As Irving stands, without dispute, at the head of American classic humorists, so the precedence in the unclassical school must be conceded to Mark Twain. About him there is nothing classic, bookish, or conventional, any more than there is about a buffalo or a grizzly. His genius is characterized by the breadth, and ruggedness, and audacity of the West; and, wherever he was born, or wherever he may abide, the Great West claims him as her intellectual offspring. Artemus Ward, Doesticks, and Orpheus C. Kerr, who have been the favorite purveyors of mirth for the Eastern people, were timid navigators, who hugged the shore of plausibility, and would have trembled at the thought of launching out into the mid-ocean of wild, preposterous invention and sublime exaggeration, as Mark Twain does, in such episodes as Bemis' buffalo adventure, and "Riding the Avalanche," where, after picturing the unfortunate tourist as "riding into eternity on the back of a raging and tossing avalanche," he concludes with the remark, "This is all very well, but let us not be carried away by excitement, but ask calmly, how does this person feel about it in his cooler moments next day, with six or seven thousand feet of snow on the top of him?"

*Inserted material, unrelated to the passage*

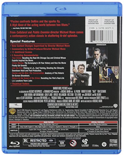 When Al Pacino and Robert De Niro squarer off, HEAT sizzles. A tale of a brilliant L.A. cop (Pacino) following the trail from a deadly armed robbery to a crew headed by an equally brilliant master thief (De Niro). Val Kilmer, Jon Voight, Tom Sizemore, Ashley Judd and Natalie Portman co-star.
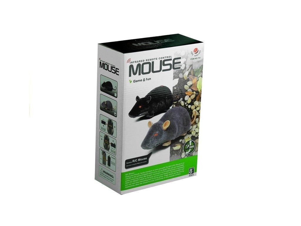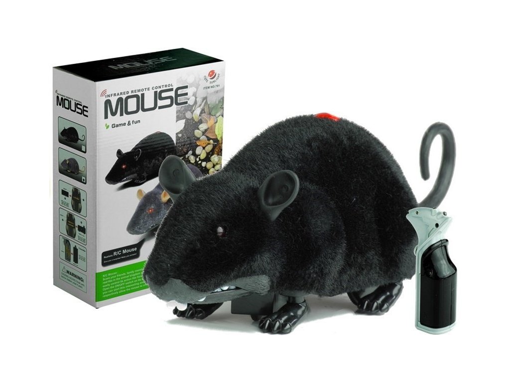 Mouse-ul cu telecomandă este o jucărie grozavă care imită cu fidelitate un animal adevărat. Este fabricat din plastic rezistent și acoperit cu un material moale care seamănă cu blana adevărată. Mouse-ul se deplasează cu ușurință pe suprafețe netede datorită roților și este controlat de o telecomandă cu infraroșu . Poate călări înainte și înapoi și își mișcă în mod realist picioarele și coada atunci când se mișcă. Perfect pentru farse distractive și joacă acasă.

It would be a great misapprehension, however, to conceive of Roughing It as merely a book of grotesque humor and rollicking fun. It abounds in fresh description of natural scenery, some of which, especially in the overland stage-ride, are remarkably graphic and vigorous. The writer's talent for clear, impressive narrative, too, is illustrated in the chapters devoted to the terrible story of the desperado, Slade, which has as intense an interest as any thing in the wildest sensational novel of the day.

Of the three hundred wood-cuts that illustrate the volume we can say nothing complimentary, from an artistic point of view. But some of them are spirited, and many of them are suggestive. Crude as they are in design, and coarse in execution, they have afforded us much amusement; and the majority of readers would, we are sure, regret to dispense with them.